Il 3 novembre, gli americani voteranno non solo per decidere chi tra Donald Trump e Joe Biden sarà il loro prossimo Presidente, ma anche per scegliere l'intera Camera dei Rappresentanti e 35 dei 100 seggi al Senato. E come se le complicazioni non fossero state abbastanza per gli investitori, c'è ora una svolta inquietante in questa campagna, già molto combattuta e aspramente contestata. L’esito positivo del test al COVID-19 per Trump, 32 giorni prima delle elezioni, getta la politica statunitense in un territorio inesplorato. La gamma dei possibili risultati, per dirla con parole gentili, si è ampliata.

Prima che lo stato di salute di Trump fosse reso pubblico, il sito di previsioni Predictit stimava al 48% la possibilità di una vittoria netta dei Democratici (Camera, Senato e Casa Bianca) e una possibilità del 17% di vittoria totale dei Repubblicani.1 Entrambi i dati parevano sovrastimati all’epoca – la prospettiva che Biden o Trump avrebbero dovuto affrontare un Congresso diviso era sottovalutata. Adesso invece la situazione è molto più complicata. Non è chiaro se la diagnosi di Trump influenzerà gli elettori. 

Tuttavia, anche se gli investitori si trovano davanti a numerose complicazioni, i temi centrali rimangono gli stessi. Due scenari in particolare meritano considerazione e analisi: una vittoria netta per i Democratici o per i Repubblicani. Una vittoria totale per uno dei due partiti (ossia di entrambe le Camere del Congresso e della Casa Bianca) consentirebbe di apportare cambiamenti significativi alla politica e avrebbe importanti conseguenze per i mercati. 
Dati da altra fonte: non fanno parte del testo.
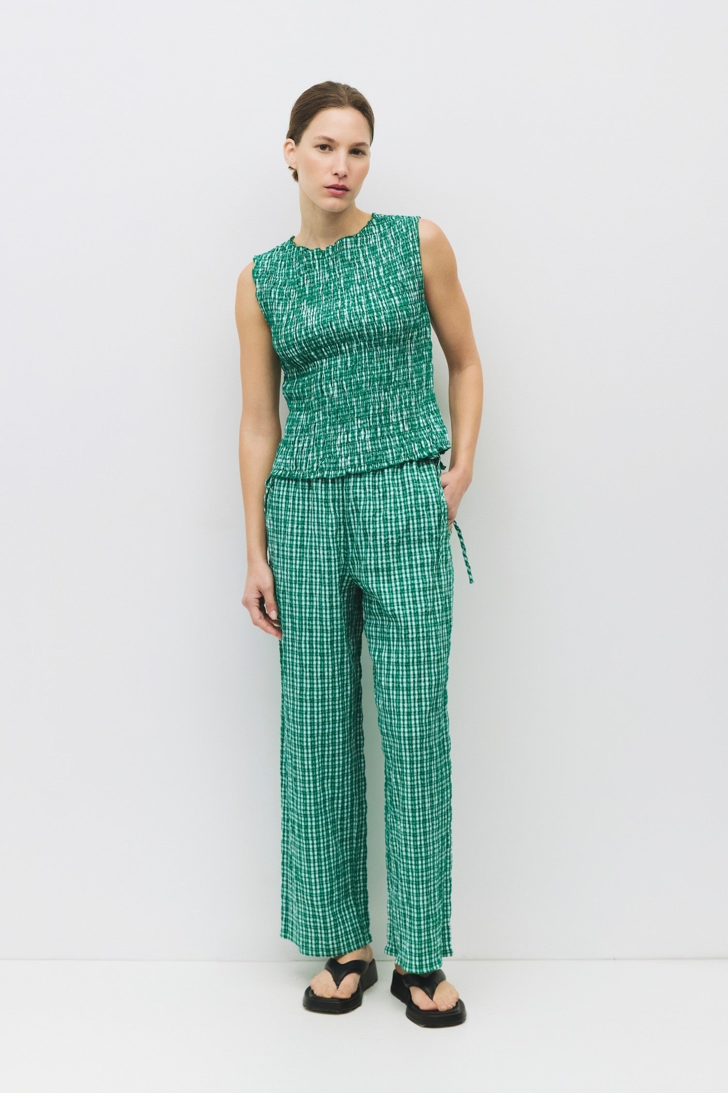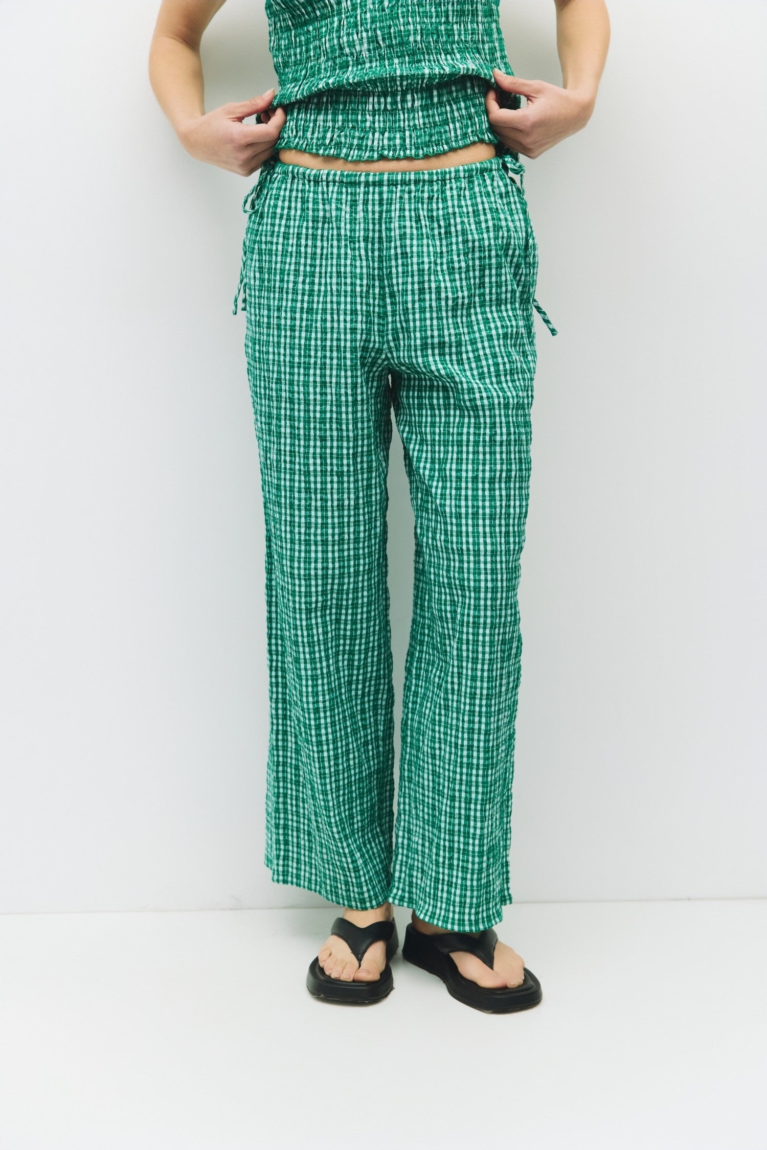 The Colette Pant is a relaxed, ankle-length style with a wide-leg silhouette and soft plaid fabric. Designed with an elastic waistband and adjustable side ties, it’s an easy, comfortable pick for everyday wear—especially when paired with the matching Colette Top.
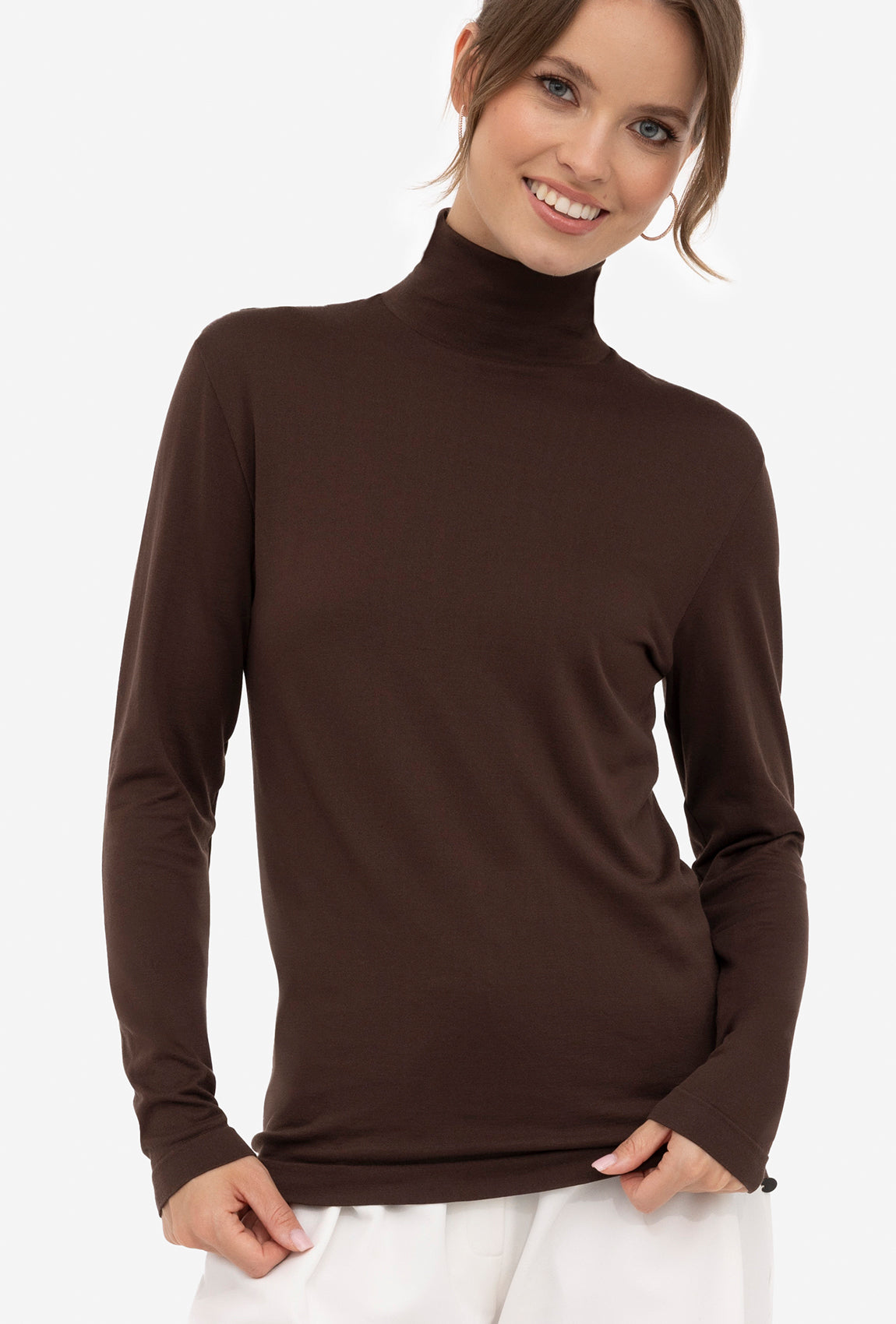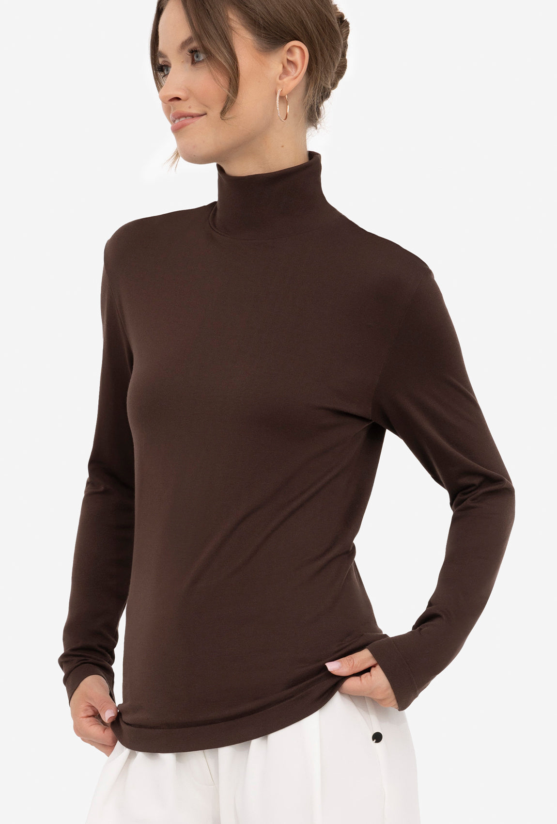 Brązowy golf Chiara w kolorze Coffee Bean 2 to klasyczny, gładki model o ciepłym tonie. Miękka, elastyczna dzianina i dopasowany krój sprawiają, że to idealny wybór na co dzień i do eleganckich stylizacji.

Una differenza fondamentale tra i partiti è l’approccio alle tasse, e quindi agli stimoli fiscali. Per i Repubblicani, i tagli delle tasse sono uno strumento fiscale sul fronte dell'offerta utilizzato per stimolare l'economia. La principale eredità economica del primo mandato di Trump è stata una riduzione dell’aliquota fiscale nominale dal 35% al 21% e una riforma fiscale ad ampio raggio. I mercati azionari sono stati sproporzionatamente favoriti da queste misure, con aliquote fiscali inferiori che, secondo i nostri calcoli, hanno rappresentato 5,2 punti percentuali dei rendimenti totali del 13,4% dell’S&P 500 da gennaio 2018.

I Democratici, dal canto loro, vedono un aumento delle tasse come uno strumento per finanziare provvedimenti sul fronte della domanda per ottenere lo stesso risultato e ridistribuire la ricchezza dagli strati di popolazione ad alto reddito a quelli a basso reddito.

(Cliccare qui per un riepilogo dettagliato delle possibili prospettive politiche per ogni scenario).

02

Vittoria di Biden

Maggiori tasse sugli utili societari, spesa più elevata per ridurre le disuguaglianze

Le proposte fiscali di Biden reintegrerebbero metà dei tagli operati da Trump, portando l’aliquota fiscale nominale massima per le aziende al 28%, cosa che, secondo i nostri calcoli, innalzerebbe l’aliquota effettiva dal 19 al 23%. A parità di condizioni, nel 2021 questa decisione provocherebbe un calo di circa il 5% degli utili per azione dell’S&P 500.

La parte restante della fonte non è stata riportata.